Using LSTM and Dense Keras Weights in C++

by 21zhouv in Circuits > Microcontrollers

1439 Views, 3 Favorites, 0 Comments

Using LSTM and Dense Keras Weights in C++

For an engineering project, I ran a Keras neural net on several microcontrollers (albeit very slowly) as a proof of concept. The neural network consisted of an LSTM layer and a Dense layer. Here, I'd like to share my findings on how I implemented a Keras model in C++.

Disclaimer: Use a microcontroller with at least 16kb of SRAM. I made the mistake of using controllers with less SRAM, which caused massive headaches when the program randomly crashes.

Extract Weights From Keras Model

Screen Shot 2021-05-11 at 11.22.47 AM.png

Screen Shot 2021-05-11 at 11.23.05 AM.png

Screen Shot 2021-05-11 at 11.23.34 AM.png

Screen Shot 2021-05-11 at 11.23.18 AM.png

Screen Shot 2021-05-11 at 11.22.23 AM.png

LSTM layer

First, you must extract the weights from each layer. While the weights are accessible, the individual weights for each gate are compacted into a big matrix. Thankfully, this Stackoverflow post provided the slices required to separate the individual weights. Make sure that the index for the layer corresponds to the actual layer that you want.
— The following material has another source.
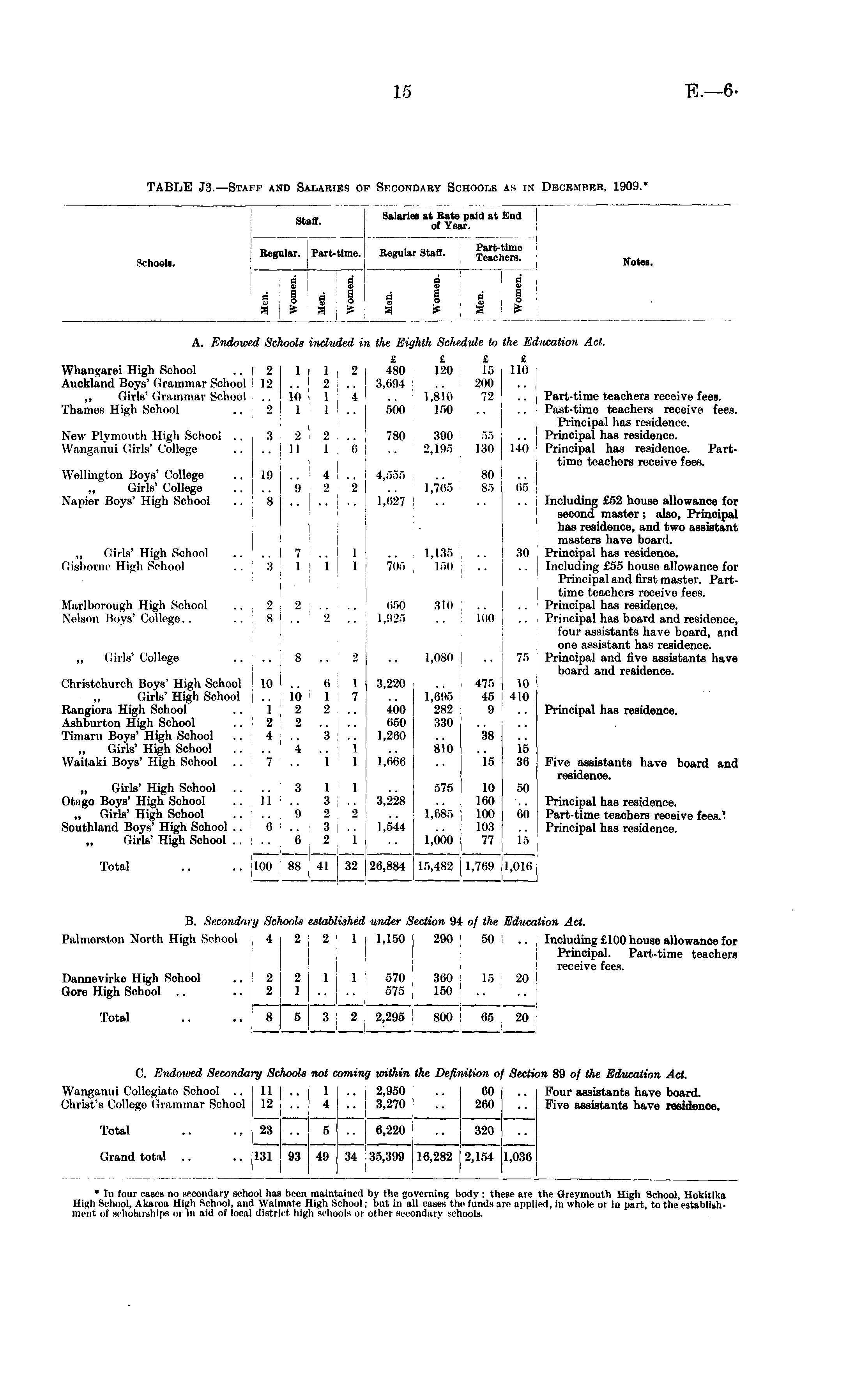 TABLE J3.— Staff and Salaries of Secondary Schools as in December, 1909.*

https://stackoverflow.com/questions/42861460/how-t...

units = int(int(lstm.layers[0].trainable_weights[0].shape[1])/4)

# Layer 0 is my LSTM layer
W = model.layers[0].get_weights()[0]
U = model.layers[0].get_weights()[1]
b = model.layers[0].get_weights()[2]

W_i = W[:, :units]
W_f = W[:, units: units * 2]
W_c = W[:, units * 2: units * 3]
W_o = W[:, units * 3:]

U_i = U[:, :units]
U_f = U[:, units: units * 2]
U_c = U[:, units * 2: units * 3]
U_o = U[:, units * 3:]

b_i = b[:units]
b_f = b[units: units * 2]
b_c = b[units * 2: units * 3]
b_o = b[units * 3:]

Dense Layer

The dense layer is incredibly simple to extract. The first matrix is the weight and the second matrix is the bias.

# Layer 1 is my LSTM layer
W = model.layers[1].get_weights()[0]
b = model.layers[1].get_weights()[1]

As a sanity check, you can check out the attributes of the matrices to verify the correct size, dimensions, and numbers.

print(W_i.shape) # Tuple of dimensions
print(W_i.nbytes) # Size of array
print(W_i) # Preview of array contents

(Optional) Test Forward Propagation

Screen Shot 2021-01-07 at 12.13.13 PM.png

Screen Shot 2021-01-07 at 12.13.07 PM.png

To ensure that the weights work and to familiarize yourself with the formulation of an LSTM cell, you can perform forward propagation manually. This website goes into depth about the process and includes mathematical representations.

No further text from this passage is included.